Mendagri Tito Usul Lagi Pilkada Asimetris, Ini Alasannya

Breaking News

- Advertisement -
- Advertisement -
- Advertisement -
- Advertisement -

MUDANEWS.COM, Jakarta – Menteri Dalam Negeri (Mendagri) Tito Karnavian kembali mengusulkan ide soal penerapan pemilihan kepala daerah (pilkada) asimetris. Tito menjelaskan beberapa alasan terkait usul ini.

Mulanya, Tito menjelaskan soal dampak negatif dan positif pilkada langsung dalam diskusi webinar bertajuk ‘Mengapa Kita Butuh Kepala Daerah?’ yang diselenggarakan oleh Nagara Institute, Minggu (20/6/2020).

“Pemilihan langsung ini ada aspek positif, ada aspek negatifnya. Aspek positifnya yang saya sampaikan tadi adalah kita ingin ada pemimpin-pemimpin baru. Ada calon perorangan. Ada legitimasi yang kuat dari kepala daerah karena dipilih rakyatnya. Itu sisi positifnya,” kata Tito dalam siaran akun YouTube Nagara Institute.

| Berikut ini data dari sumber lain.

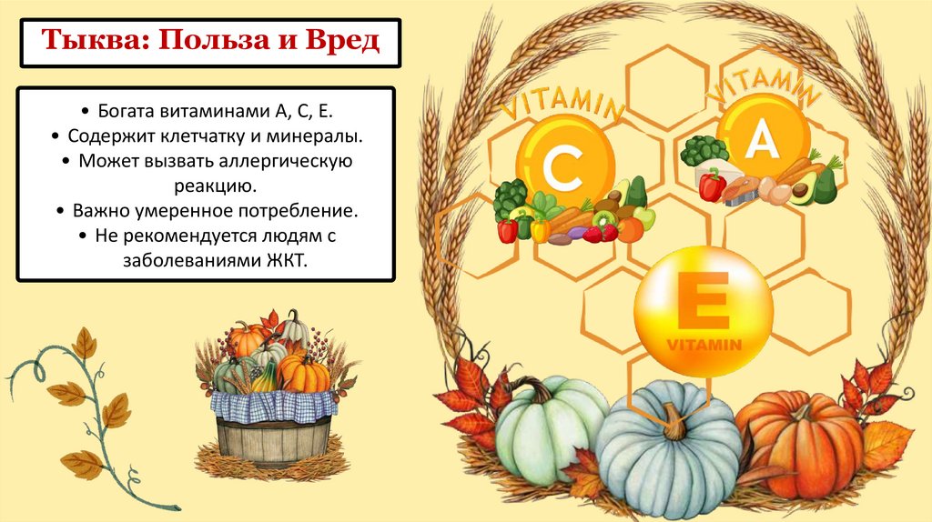 Тыква: Польза и Вред• Богата витаминами А, С, Е.
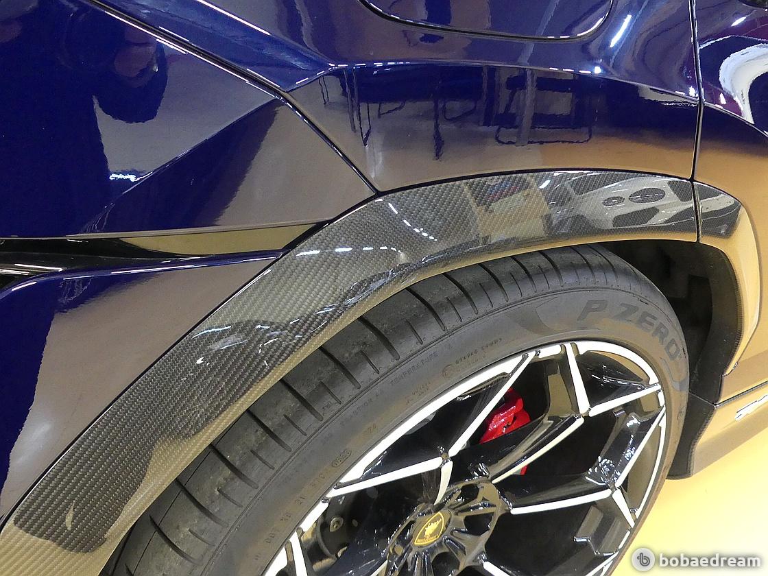 공기 배출구를 포함한 보닛은 경량 탄소 섬유로 제작됐다. 또한 우루스 퍼포만테의 후면은 고성능을 기반으로

“Tapi sisi negatifnya juga ada. Kita tidak nafikan itu. Yang pertama adalah manipulasi demokrasi dengan sistem pemilihan langsung. Karena jika demokrasi pemilihan langsung ini diterapkan pada masyarakat yang masih berbentuk piramida, artinya hanya hanya sedikit yang high class, low-middle class-nya tidak terlalu besar dan sebagian besar low class,” sambung Tito.

Menurut mantan Kapolri ini, masyarakat menengah ke bawah kebanyakan belum memahami arti penting demokrasi. Akibatnya, mereka pun mudah dimanipulasi.

“Low class kita adalah mereka yang poorly educated, secara pendidikan tidak memadai dan secara kesejahteraan tidak memadai. Nah, mereka belum memahami arti demokrasi. Akibatnya, di daerah-daerah tadi yang para pemilihnya dipenuhi oleh low class, kualitas pemimpin yang dipilih belum sesuai dengan yang diharapkan. Karena memang masyarakatnya mudah dimanipulasi,” jelas Tito.

Tito pun sempat bercerita soal pengalamannya ketika menjabat Kapolda Papua. Tanpa bermaksud merendahkan, dia melihat masyarakat di sana belum cukup memahami arti demokrasi.

Berangkat dari beberapa alasan ini, Tito pun kembali mengusulkan soal pilkada asimetris. Pilkada asimetris ialah pelaksanaan pilkada yang didasarkan pada kedewasaan demokrasi tiap daerah. Bagi daerah yang dianggap mengerti demokrasi, pilkada langsung bisa diterapkan. Namun, jika di daerah tersebut penduduknya belum memiliki kedewasaan demokrasi yang mumpuni, pilkada digelar secara tidak langsung.

“Sistem pilkada langsung ada dampak positif dan negatif, sehingga saya pernah menyampaikan dalam satu forum, termasuk mungkin Pak Dolly (Ketua) Komisi II. Waktu pertama kali menjabat sebagai Mendagri, saya pernah melemparkan ide tentang pilkada asimetris, yaitu pilkada yang tidak dilaksanakan dengan secara langsung,” ungkapnya.

Tito menilai model pilkada asimetris ini bisa mengurangi dampak negatif pilkada. “Untuk pilkada asimetris ini, yang pertama, untuk mengurangi dampak negatifnya. Kita harus melihat kedewasaan demokrasi,” jelasnya.

Sebelumnya untuk diketahui bahwa Tito sempat melemparkan wacana pilkada asimetris pada November 2019. Menurut Tito, di daerah yang dianggap mengerti demokrasi, pilkada langsung bisa diterapkan. Namun, kata Tito, lain cerita jika di daerah tersebut penduduknya belum memiliki kedewasaan demokrasi yang mumpuni.

“Tapi di daerah tertentu yang tingkat kedewasaan demokrasi rendah, itu mau berbusa-busa calon kepala daerah bicara tentang programnya, nggak didengar. Karena memang kemampuan intelektual literasi rendah, nggak nyampai,” ujar Tito, Senin (18/11/2019).

“Sehingga alternatifnya asimetris mungkin, yaitu di daerah yang Index Democratic Maturity tinggi, ini pilkada langsung. Yang rendah, maka ini mekanisme lain, apakah melalui DPD, DPRD seperti dulu. Tapi bagaimana reduce damage juga kalau problem di DPRD, bagaimana dengan independen tadi, mereka bisa terakomodasi solusinya seperti apa?” ungkap Tito.